A Survey : on Multiple Object Detection and Tracking

Download Full-Text PDF Cite this Publication

Text Only Version

A Survey : on Multiple Object Detection and Tracking

Manisha R. Nangre

Electronics and telecommunication Department Sinhgad institute of technology and science, Pune University

Pune-41, India

S. S. Havanoor

Electronics and telecommunication Department Sinhgad institute of technology and science, Pune University

Pune-41, India

AbstractObject tracking is an important task in the field of computer vision. It is a challenging problem. There are many difficulties arises in tracking the objects due to abrupt object motion, changing appearance patterns of both foreground and background scene, non-rigid object structures, object-to-object and object-to- scene occlusions, and camera motion. This paper selectively gives the reviews to research papers for object detection and tracking methods.

KeywordsObject Representation, Object Tracking, Object Detection, Computer Vision.


    Object tracking is an important task within the field of computer vision. The availability of high definition quality and inexpensive video cameras, and the increasing need for automatic video analysis has generated a great deal of interest in object tracking. There are three key steps in video analysis: detection of moving objects, tracking of objects from frame, and recognize their behavior. Therefore, the use of object tracking is important in the tasks of: motion-based recognition, automatic object detection, etc;

    • Automated surveillance.

    • Video indexing, that is, automatic annotation and retrieval of the videos in multimedia databases;

    • Gesture recognition, eye gaze tracking for data input to computers, etc.;

    • Traffic monitoring, vehicle navigation

      In its simplest form, tracking can be defined as the problem of estimating the trajectory of an object in the image plane as it moves around a scene.

      Tracking objects can be complex due to:

      • loss of information,

      • noise in images,

      • complex object motion,

      • non rigid or articulated nature of objects,

      • partial and full object occlusions,

      • complex object shapes,

      • scene illumination changes, and

      • Real-time processing requirements.

    Numerous approaches for object tracking have been proposed. These primarily differ from each other by the way they approach the following questions: Which object representation is suitable for tracking? Which image features should be used? How should the motion, appearance, and shape of the object be modeled?

    The answers to these questions depend on the context/environment in which the tracking is performed. A large number of tracking methods have been proposed which attempt to answer these questions for a variety of scenarios. The goal of this survey is to group tracking methods into broad categories and provides comprehensive descriptions of representative methods in each category. This survey will give readers, the ability to select the most suitable tracking algorithm for their application needs.


    In a tracking scenario, an object can be defined as anything that is of interest. For example, boats on the sea, fish inside an aquarium, vehicles on a road, planes in the air, people walking on a road are a set of objects that may be important to track in a specific domain. Objects can be represented by their shapes and appearances. In this section, we will first describe the object shape representations commonly used for tracking.
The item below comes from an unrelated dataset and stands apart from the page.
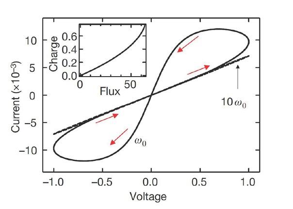 Typical behavior of memristors. The memristance of the memristor depends on the amount of electric charge that has passed through the device. Consequently, the current is nonlinear with the applied voltage, resulting in hysteresis loops rather than straight lines. If the signal frequency, ω, is sufficiently high, the memristance of the memristor has too little time to respond to the passing charge, resulting in the collapse of the hysteresis loops to straight lines. The inset figure shows that memristors require nonlinear q-φ-plots. Reprinted from Nature with permission [2].

    1. points: The object is represented by a point, that is, the centroid (Figure 1(a)) [2] or by a set of points (Figure 1(b)) [3]. In general, the point representation is suitable for tracking objects that occupy small regions in an image.

    2. Primitive geometric shapes: Object shape is represented by a rectangle, ellipse (Figure 1(c), (d) [4], etc.

    3. Object silhouette and contour: Contour re presentation defines the boundary of an Object (Figure 1(g), (h). The region inside the contour is called the silhouette of the object (see Figure 1(i)). [1].

    4. Articulated shape models: Articulated objects are composed of body parts that are held together with joints. For example, the human body is an articulated object with torso, legs, hands, head, and feet connected by joints, shown in Figure 1(e).

    5. Skeletal models: Object skeleton can be extracted by applying medial axis transform to the object silhouette .This model is commonly used as a shape representation for recognizing objects [5].(see Figure1(f)).

    6. Probability densities of object appearance: The probability density estimates of the object appearance can either

      be parametric, such as Gaussian [8] and a mixture of Gaussians[7], or Nonparametric, such as Parzen windows [6] and histograms.

    7. Templates. Templates are formed using simple geometric shapes or silhouettes [Fieguth and Terzopoulos 1997].An advantage of a template is that it carries both spatial and appearance information.


    Fig. 1. Object representations. (a) Centroid, (b) multiple Points, (c) rectangular patch, (d) elliptical patch, (e) part-based multiple patches, (f) object skeleton, (g) complete object contour, (h) control points on object contour, (i) object silhouette.[9]


  1. Feature Selection for tracking

    Selecting the right features plays a critical role in tracking. In general, the most desirable property of a visual feature is its uniqueness so that the objects can be easily distinguished in the feature space. Feature selection is closely related to the object representation. The details of common visual features are as follows.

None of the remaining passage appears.